Is T linear? justify your answer
Homework Equations
The Attempt at a Solution
Yes it is a linear mapping because both points map onto one point.
This is very distressing. Just about everything you say here is wrong. There are not two points being mapped to one. The single point (x,y) in R2 is mapped to a single point in R1. But, in any case, that has NOTHING to do with being "linear". Please review the definition of "linear mapping". (It is basically what waht said.)affans said:Homework Statement
Let T: R2 -> R1 be given by T(x,y) = (y^2)x + (x^2)y.
Is T linear? justify your answer
Homework Equations
The Attempt at a Solution
Yes it is a linear mapping because both points map onto one point.
A linear mapping, also known as a linear transformation, is a mathematical function that maps one vector space to another in a way that preserves the linear structure of the original space. This means that the mapping preserves addition and scalar multiplication.
A linear mapping can be represented by a matrix or by a set of equations. The matrix representation involves multiplying the original vector by a matrix, while the equation representation involves expressing the mapping in terms of variables and coefficients.
A linear mapping preserves the linear structure of a vector space, while a nonlinear mapping does not.

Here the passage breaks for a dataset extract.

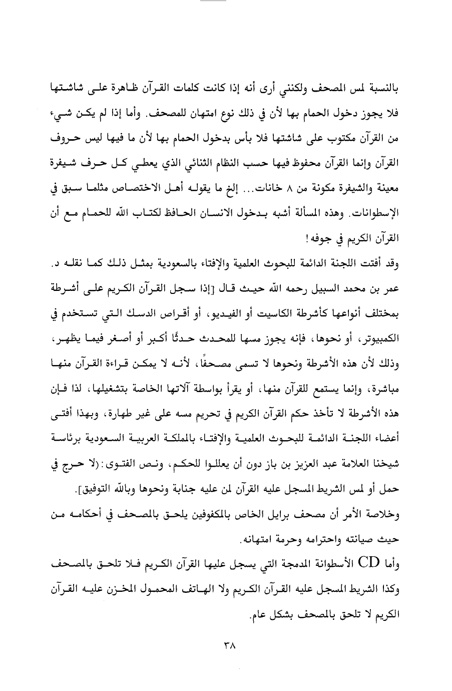 وأما C D الأسطوانة المدمجة التي يسجل عليها القرآن الكريم فلا تلحق بالمصحف وكذا الشريط المسجل عليه القرآن الكريم ولا الهاتف المحمول المخزن عليه القرآن الكريم لا تلحق بالمصحف بشكل عام.

This means that a nonlinear mapping does not preserve addition and scalar multiplication. In other words, the output of a nonlinear mapping is not a linear combination of the inputs.
Linear mapping is used in a variety of fields, including physics, engineering, economics, and computer science. Some examples of its applications include image and signal processing, machine learning, and control systems.
In data analysis, linear mapping can be used to transform data into a lower-dimensional space, making it easier to visualize and analyze. It can also be used to find patterns and relationships between variables, and to make predictions based on the data.